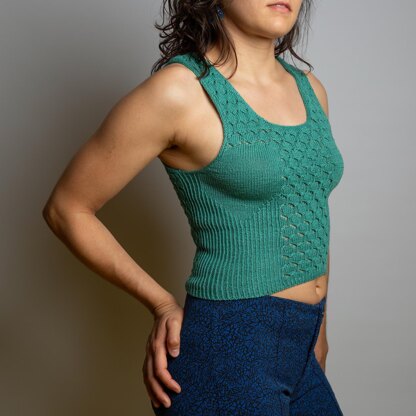 This top is knitted from the top-down, beginning with the straps. The Front and Back are knitted flat until armholes and then worked in the round after joining at the underarms.
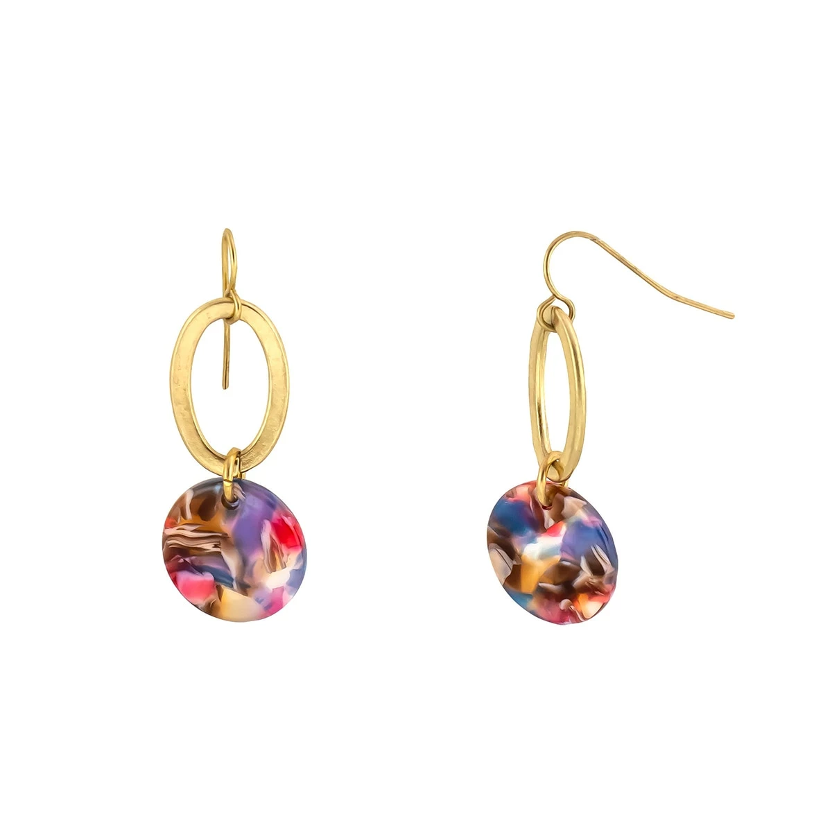 The Ashley Cooper™ gold-tone open oval link with round multi color lucite disc drop earrings on fish hooks are modern and captivating.
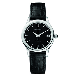 4. Classic R Gent Automatic B3981.32.64: стальной корпус и чёрный кожаный ремешок; чёрный циферблат, украшенный гильоше в стиле «солнечные лучи» (Rayonne) с арабскими цифрами 6, 12 и десятью условными индексами. | |
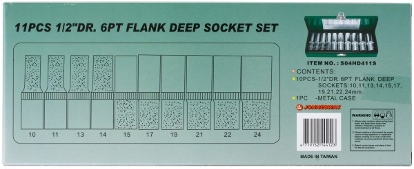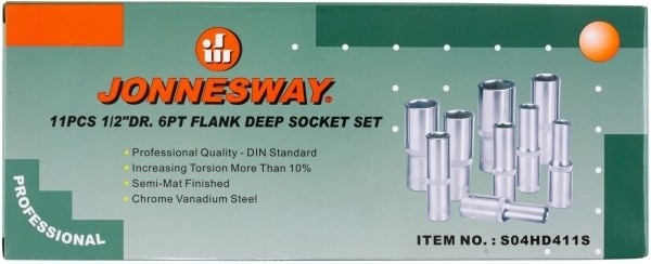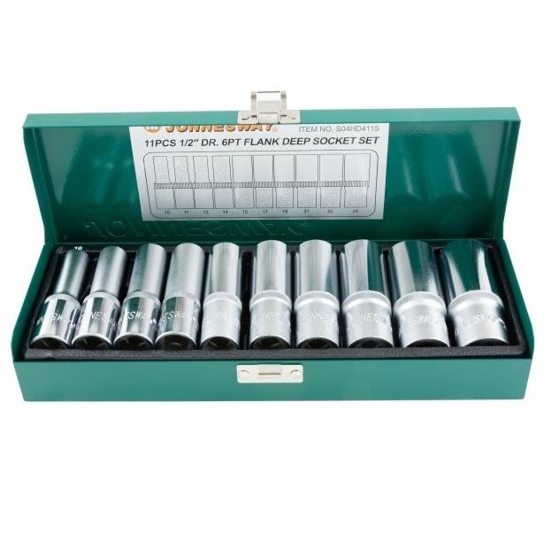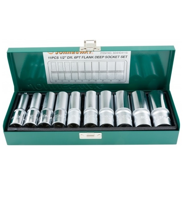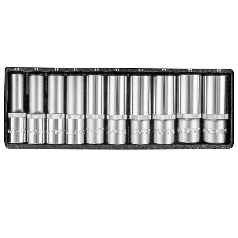 Головки торцевые глубокие 1/2"DR, 9 шт.: 10, 11, 13, 14, 15, 17, 19, 21, 22, 24 мм.;

______

Task description = From the line holding "4. Classic R" to the final line of the data above, give each line again exactly, both ends included, and drop the pictures.

Worked solution =
 4. Classic R Gent Automatic B3981.32.64: стальной корпус и чёрный кожаный ремешок; чёрный циферблат, украшенный гильоше в стиле «солнечные лучи» (Rayonne) с арабскими цифрами 6, 12 и десятью условными индексами. | |
 Головки торцевые глубокие 1/2"DR, 9 шт.: 10, 11, 13, 14, 15, 17, 19, 21, 22, 24 мм.;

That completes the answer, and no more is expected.